Material provided
==================================================
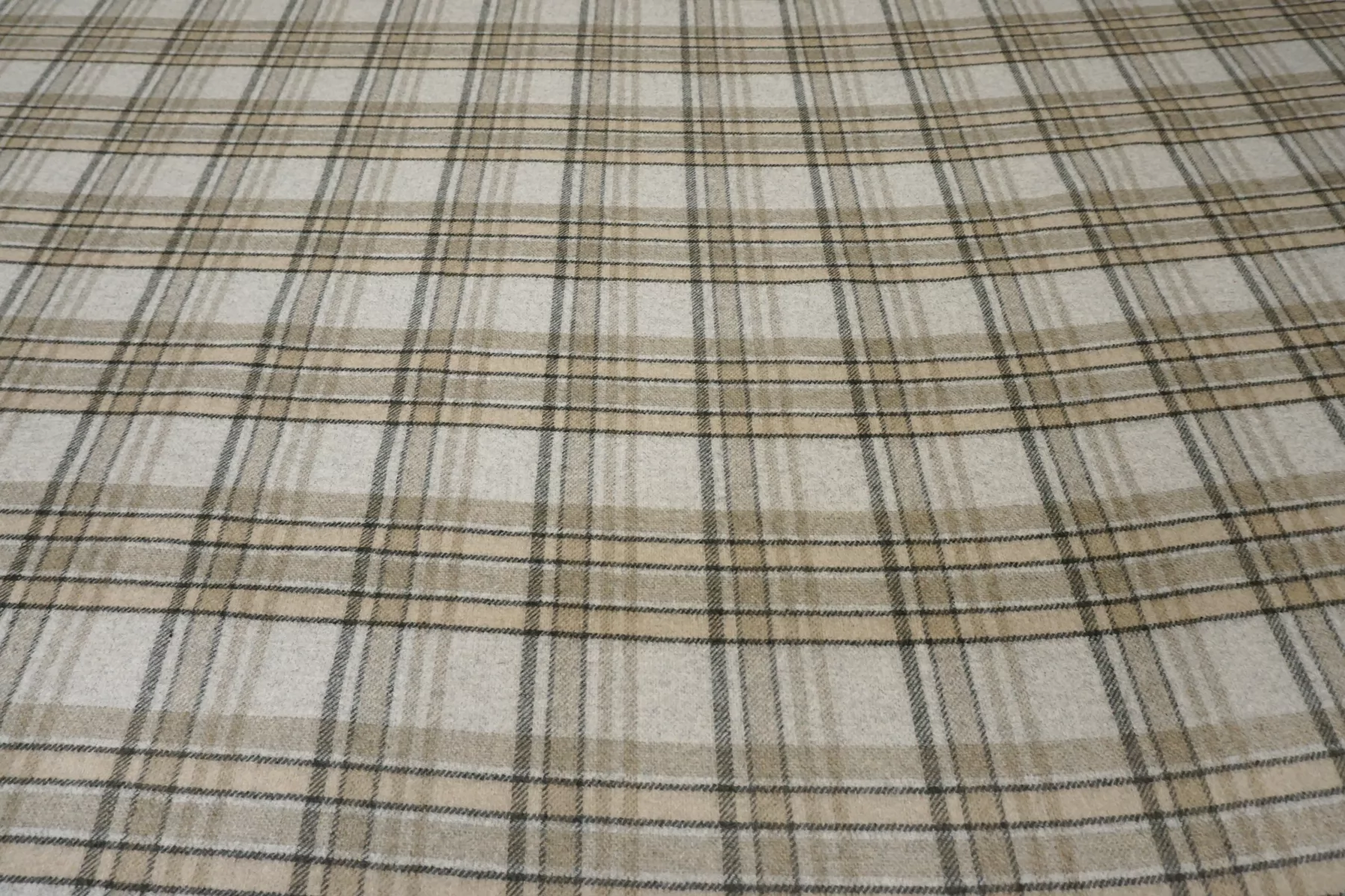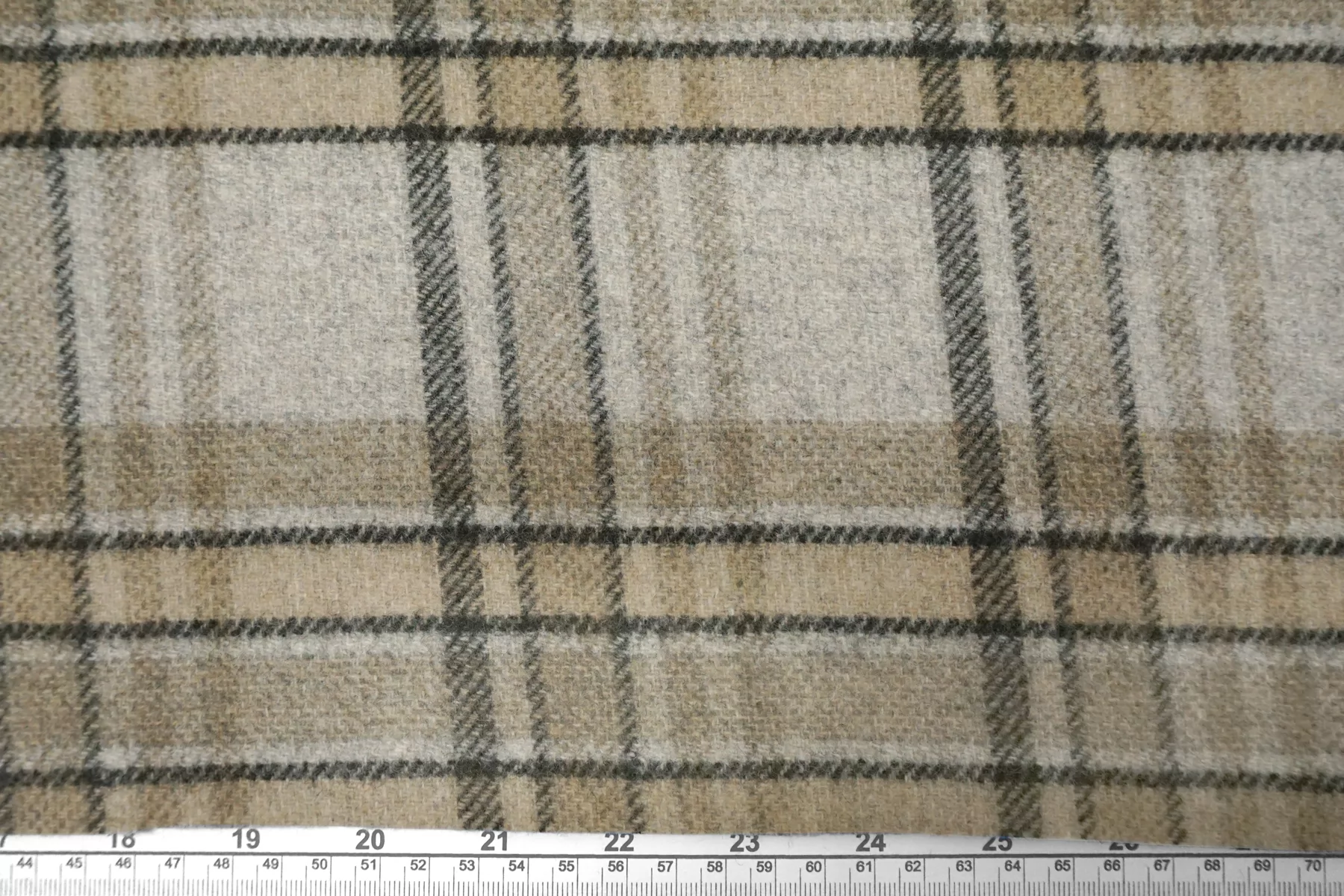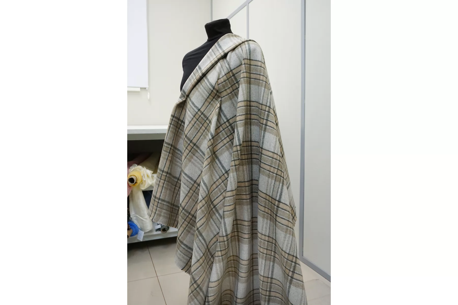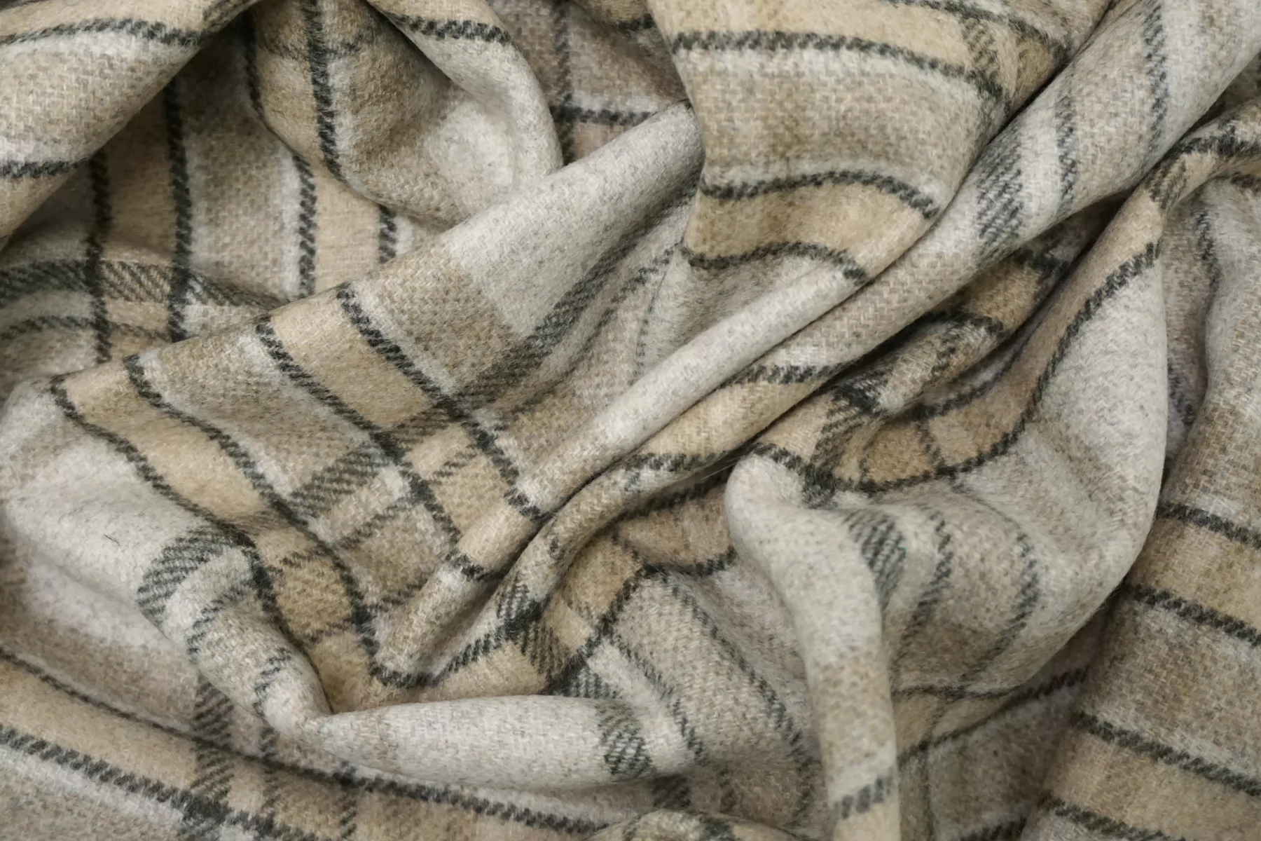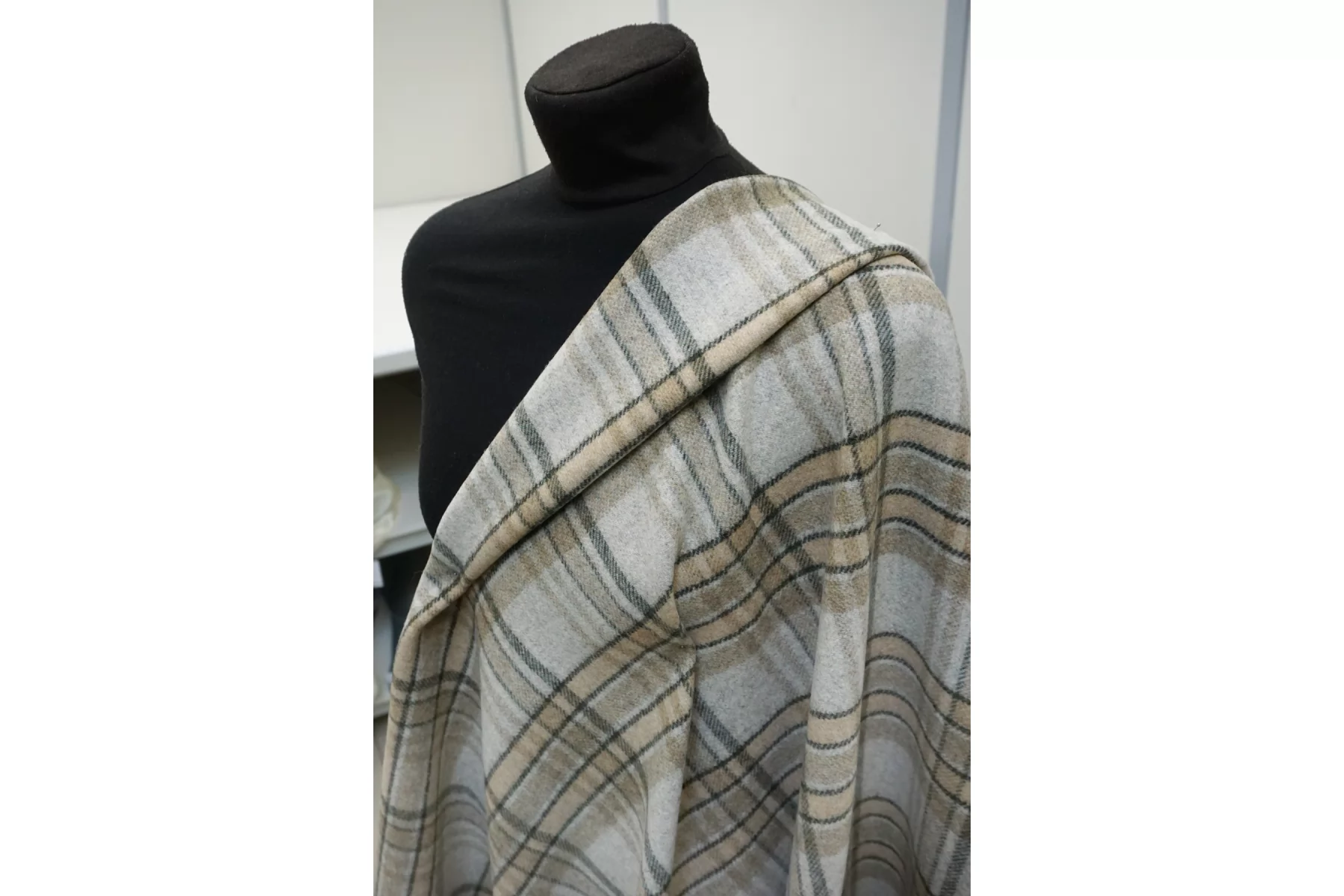 Пальтово-костюмная двухслойная шерсть качества virgin, слои разделяются. Обе стороны с одинаковым узором: клеткой, нити светло-серого, тёмно-серого и бежево-серого цвета. Одна сторона слегка ворсистая, без направленности. Тактильно мягкая, приятная, шерсть ощущается. Не тянется. Форму держит, умеренной пластичности. Не мнется. Отличный вариант для пошива пальто или тёплого жакета. Уход деликатный.
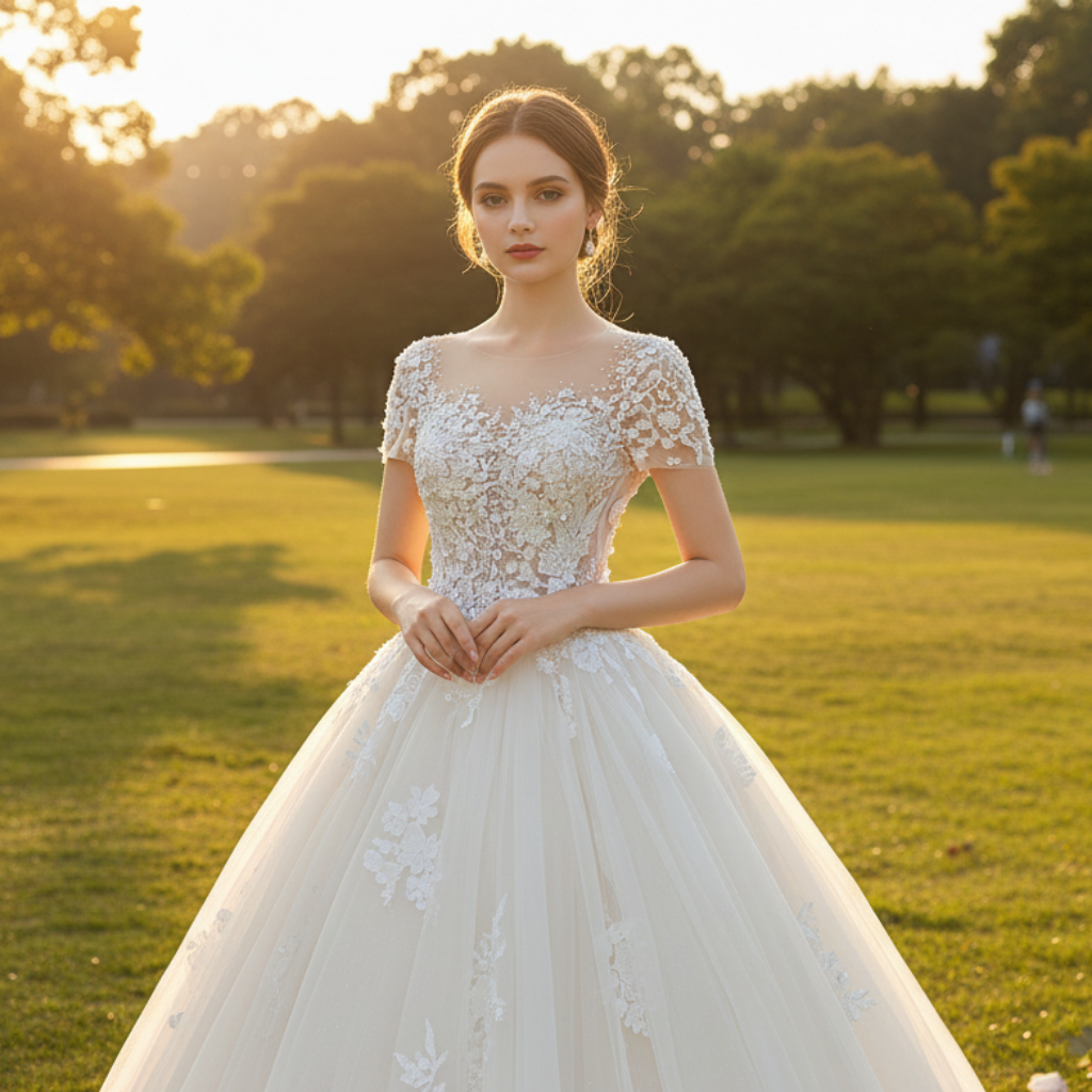 Robe de Mariée Princesse Tulle Dentelle Robe de Mariée avec Manches Courtes
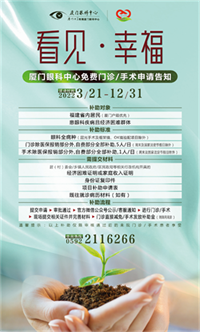 眼睛是心靈之窗,眼健康是國民健康的重要組成部分,也是反映人民群眾健康和幸福指標的一面鏡子。為深化落實“愛心廈門”行動及內涵,提升人民群眾的獲得感、幸福感、安全感,滿足普遍、多樣的眼健康需求,2022年3月21日至12月31日,廈門眼科中心暖心啟動2022年“看見幸福”眼健康愛心公益項目,聚焦弱勢群體及重點眼病的困難救治,凡符合條件的患者均可申請專項愛心公益補助。
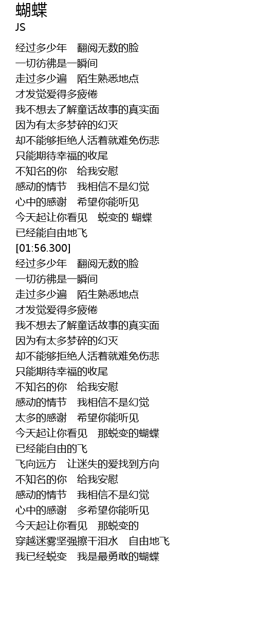 | [01:41.689] | 今天起让你看见 蜕变的 蝴蝶 |
==================================================
Retype each line of the data exactly, beginning with the first; include the line containing "Robe de Mariée Princesse" and stop there, skipping every picture.

Response area
 Пальтово-костюмная двухслойная шерсть качества virgin, слои разделяются. Обе стороны с одинаковым узором: клеткой, нити светло-серого, тёмно-серого и бежево-серого цвета. Одна сторона слегка ворсистая, без направленности. Тактильно мягкая, приятная, шерсть ощущается. Не тянется. Форму держит, умеренной пластичности. Не мнется. Отличный вариант для пошива пальто или тёплого жакета. Уход деликатный.
 Robe de Mariée Princesse Tulle Dentelle Robe de Mariée avec Manches Courtes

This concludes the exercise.